_WHAT THE EXERCISE ASKS_
Both the line containing "Enameled Mother &" and the line containing "为进一步提升我院毕业论文整体" belong to the span. Output exactly that span from the listing below, and nothing outside it.

_MATERIAL FOR THE TASK_

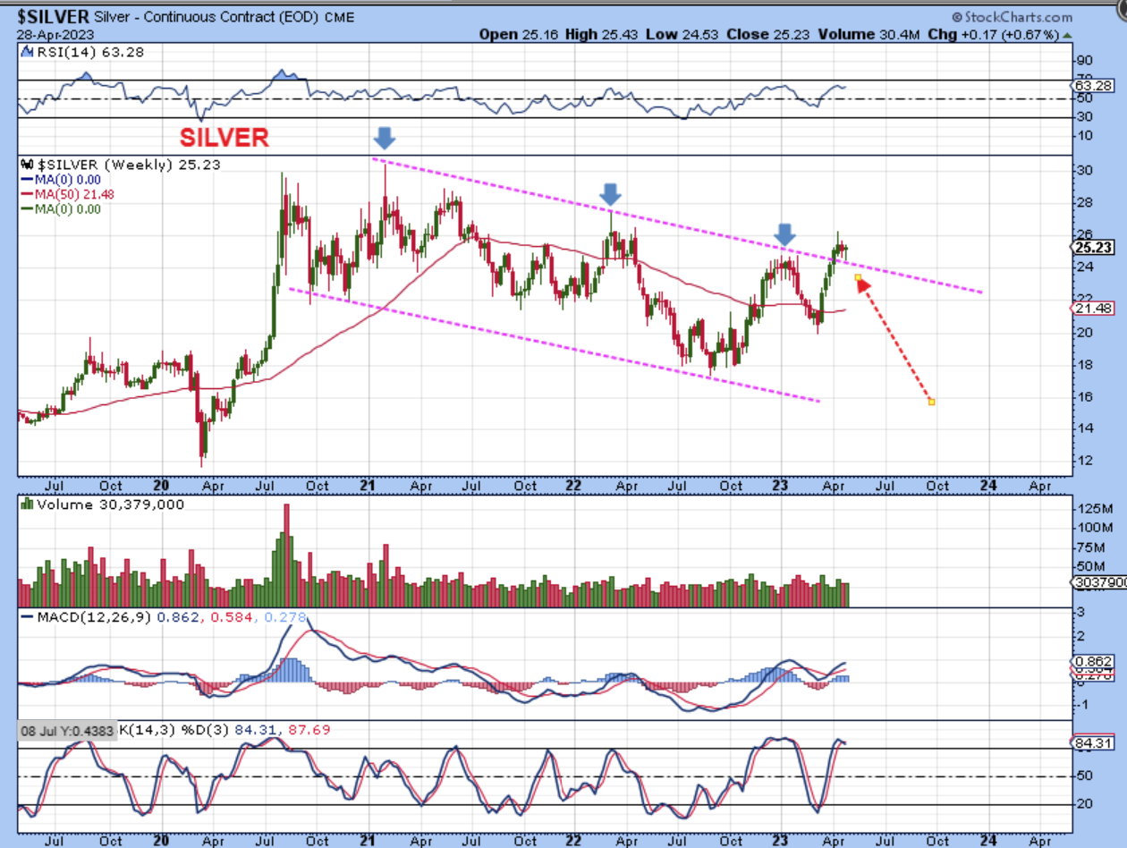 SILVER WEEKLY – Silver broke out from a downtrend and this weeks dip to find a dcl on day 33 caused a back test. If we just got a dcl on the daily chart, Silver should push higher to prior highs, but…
==
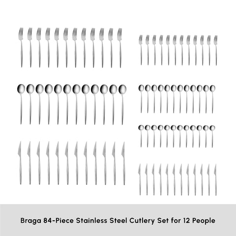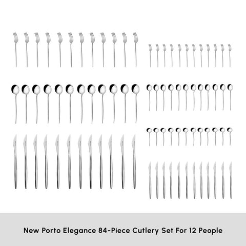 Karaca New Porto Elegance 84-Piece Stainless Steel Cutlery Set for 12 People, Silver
* * *
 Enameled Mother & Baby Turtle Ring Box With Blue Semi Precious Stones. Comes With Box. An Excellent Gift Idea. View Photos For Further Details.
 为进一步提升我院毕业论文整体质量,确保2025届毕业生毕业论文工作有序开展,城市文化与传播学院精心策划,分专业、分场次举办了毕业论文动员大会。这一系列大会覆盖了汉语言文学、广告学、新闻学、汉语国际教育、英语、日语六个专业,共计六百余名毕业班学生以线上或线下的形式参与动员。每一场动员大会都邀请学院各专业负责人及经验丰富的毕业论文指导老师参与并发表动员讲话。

_RESPONSE TO THIS TASK_
 Enameled Mother & Baby Turtle Ring Box With Blue Semi Precious Stones. Comes With Box. An Excellent Gift Idea. View Photos For Further Details.
 为进一步提升我院毕业论文整体质量,确保2025届毕业生毕业论文工作有序开展,城市文化与传播学院精心策划,分专业、分场次举办了毕业论文动员大会。这一系列大会覆盖了汉语言文学、广告学、新闻学、汉语国际教育、英语、日语六个专业,共计六百余名毕业班学生以线上或线下的形式参与动员。每一场动员大会都邀请学院各专业负责人及经验丰富的毕业论文指导老师参与并发表动员讲话。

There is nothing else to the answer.